Static generation is handled by fastify-vite. It'll prerender all available URLs, and pregenerate the cover image PNG files for each entry locally so when it's deployed to Netlify it doesn't have to run Chromium on the server because images will already be made available when you do a test build locally. The generate settings are in generate.mjs:

import { existsSync } from 'fs'
import { writeFile } from 'fs/promises'
import { join } from 'path'

export default {
  paths (app, add) {
    add('/')
    add('/about')
    add('/archive')
    add('/videos')
    add('/influences')
    for (const entry of Object.keys(app.blog.entries)) {
      add(`/${entry}`)
    }
  },
  async done (app) {
    const imagesDir = join(app.vite.options.root, 'public', 'images')
    for (const url of Object.keys(app.blog.entries)) {
      const imageName = `${url.replace(/\//g, '-')}.png`
      if (!existsSync(join(imagesDir, imageName))) {
        const response = await app.inject({ url: `/cover/${url}.png` })
        await writeFile(join(imagesDir, imageName), response.rawPayload)
        console.log(`ℹ generated /images/${imageName}`)
      }
    }
  }
}

This is how long it takes to generate:

Source Code

You can get the source code here: https://github.com/galvez/blog.

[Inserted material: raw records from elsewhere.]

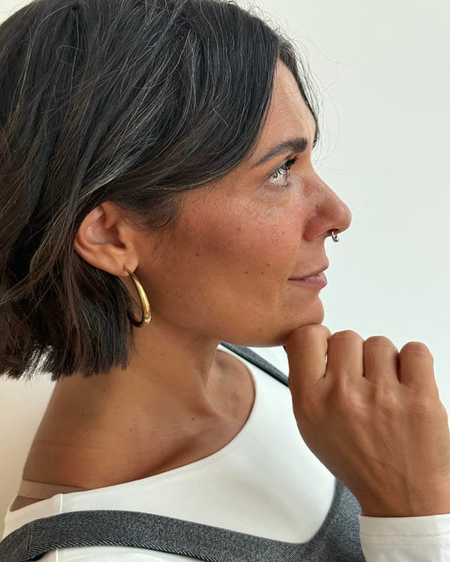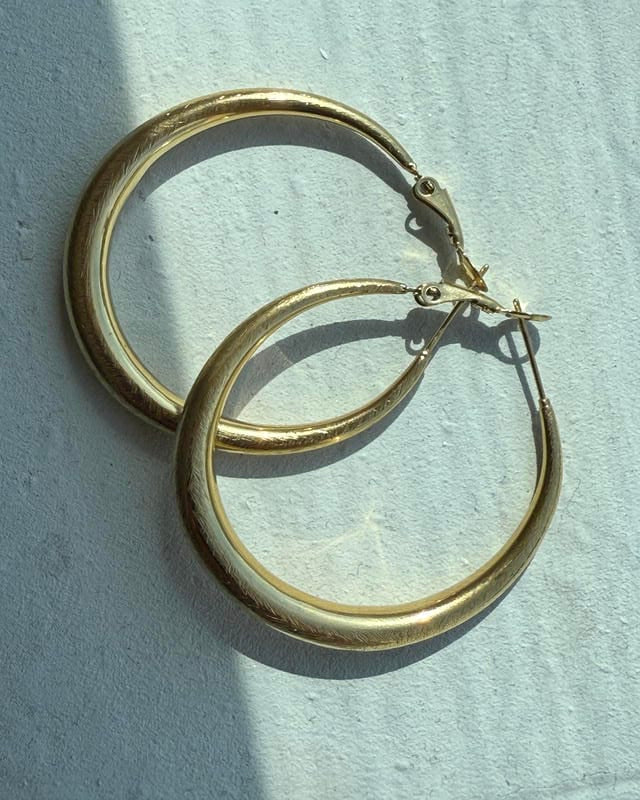 Orecchini a cerchio in acciaio inossidabile color oro spazzolato.
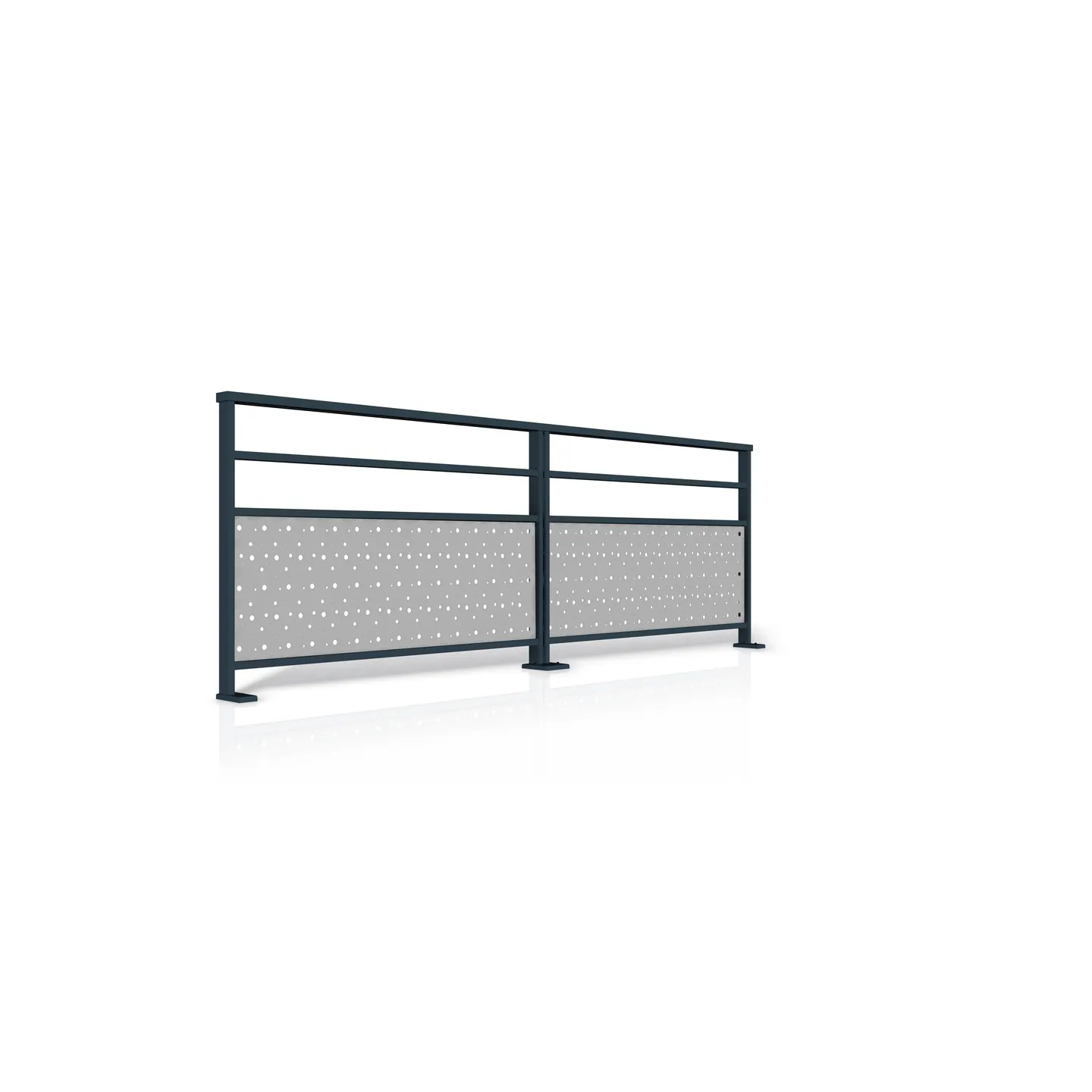Avec sa pose simple et rapide, le garde-corps AMELITE est réalisé avec une main courante rectangulaire et une lisse intermédiaire.
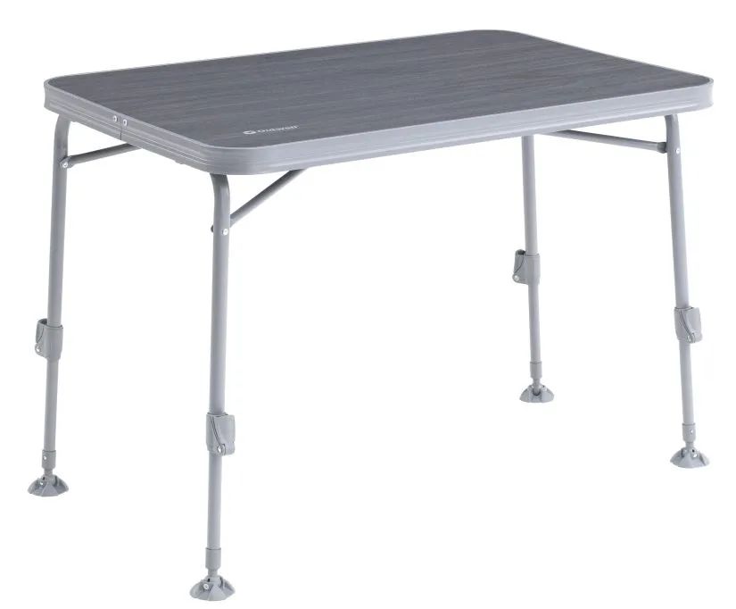 The Outwell Coledale Table features telescopic oversized aluminium legs for easy, secure height adjustment and flat feet for load-bearing support.
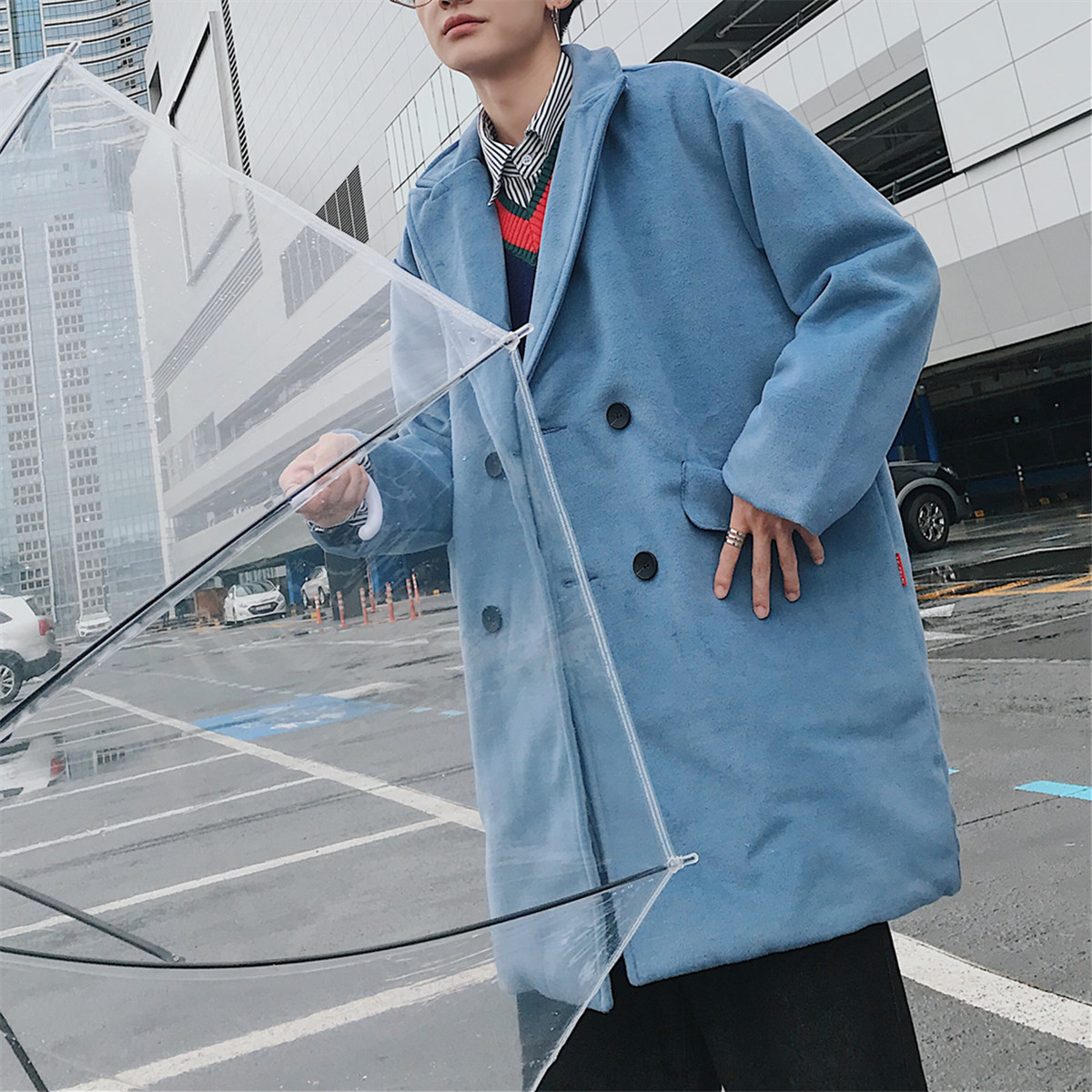 / 文藝男女店男士冬季毛呢大衣韓版潮流中長款情侶外套英倫冬裝風衣
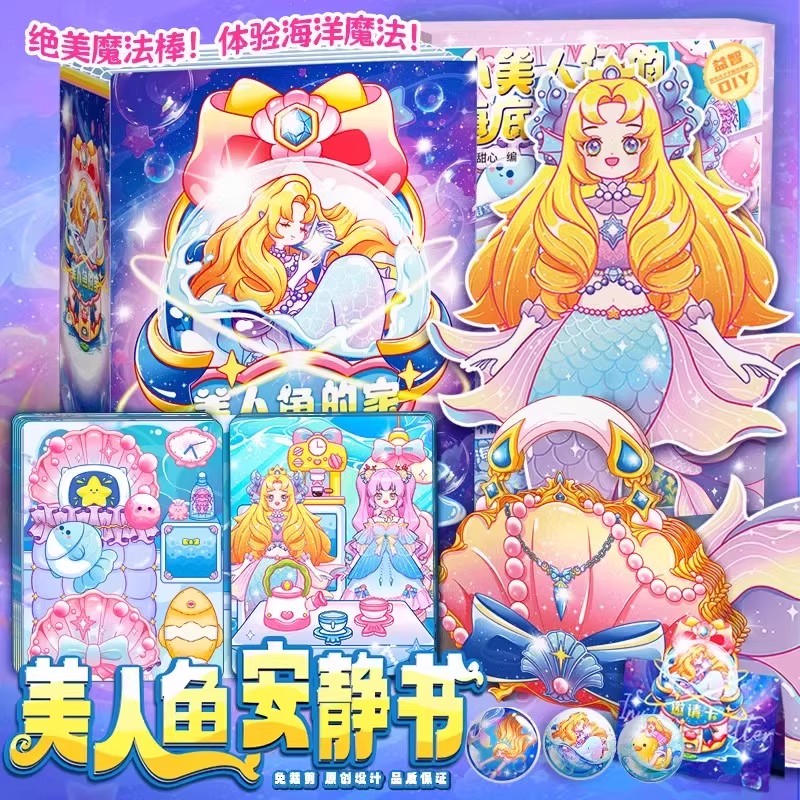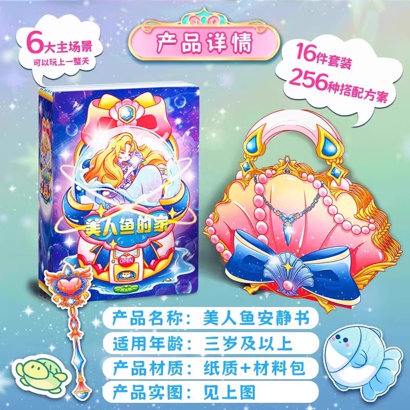 美人鱼公主换装安静书新款免剪裁女孩手工diy材料包儿童贴画玩具6,浙江 金华
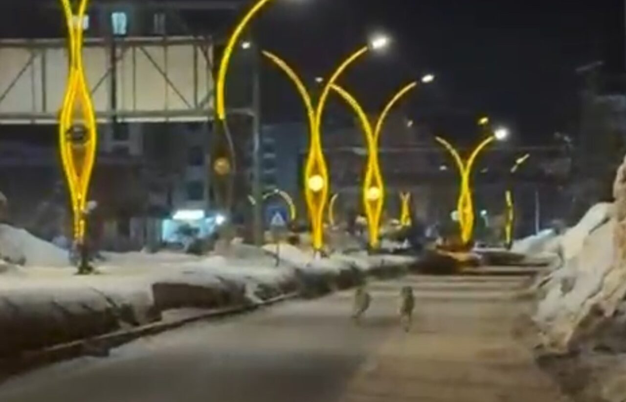 Hakkari’nin Yüksekova ilçesinde etkili olan olumsuz hava koşulları sebebiyle yiyecek bulamayan kurtlar, yiyecek arayışı için ilçe merkezine inmeye başladı.
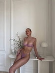 Ніжний мереживний комплект у витонченому рожевому кольорі. Бюстгальтер з формованими чашками на кісточках красиво підкреслює груди, а трусики-стрінги додають образу жіночності та легкості. Ідеальний варіант як для особливих моментів, так і на кожен день.
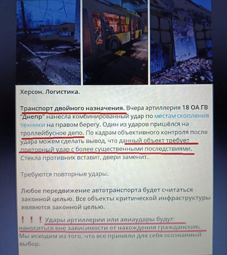 Популярный российский Телеграм-канал (53 000 подписчиков, официально зарегистрирован в Роскомнадзоре) назвал пассажирский транспорт Херсона "транспортом двойного назначения" и призвал наносить по нему артиллеристские и ракетные удары. Об этом сообщает «ОстроВ».
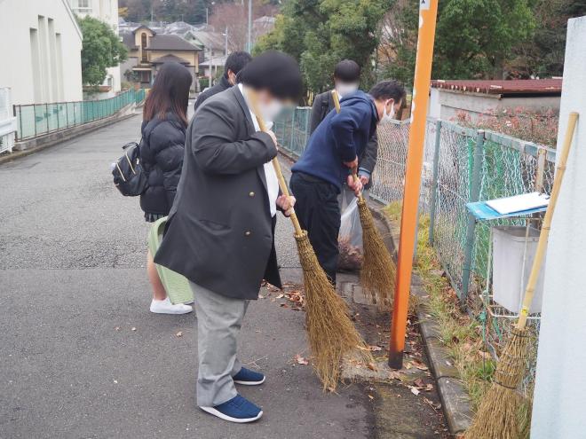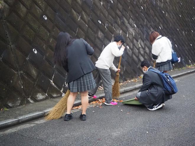12月6日(火曜日)に地域貢献デーとして、放課後に保健委員と有志生徒による学校近隣の清掃を行いました。生徒たちは一生懸命落ち葉を拾い、通学路がきれいになりました。

  • entries/*.md: Markdown source files for blog entries.
  • pages/*.md: Markdown source files for blog pages.
  • views/archive.vue: View for displaying the blog archive.
  • views/entry.vue: View for displaying blog entries.
  • views/page.vue: View for displaying blog pages.
  • views/videos.vue: View for displaying blog videos.
  • views/index.vue: View for displaying the blog index with featured entries.
  • router.vue: The main wrapping layout for the Vue Router view.
  • markdown.mjs: Functions to convert Markdown to HTML.
  • store.mjs: Markdown source crawler and blog data store.
  • covers.mjs: Fastify plugin to generate social media covers.
  • generate.mjs: Static generation settings.
  • blog.mjs: The entry point, a Fastify application.

Wrapping up

Getting this blog running represents a big milestone for fastify-vite.

I hope to be able to reproduce the same setup using other renderer adapters, especially the Solid one which is getting ready for the v3 release.

I am personally happy using Vue 3 and don't think I'll be changing this codebase too significantly for the foreseeable future, except maybe for the CSS which is kind of a mess right now — c'est la vie.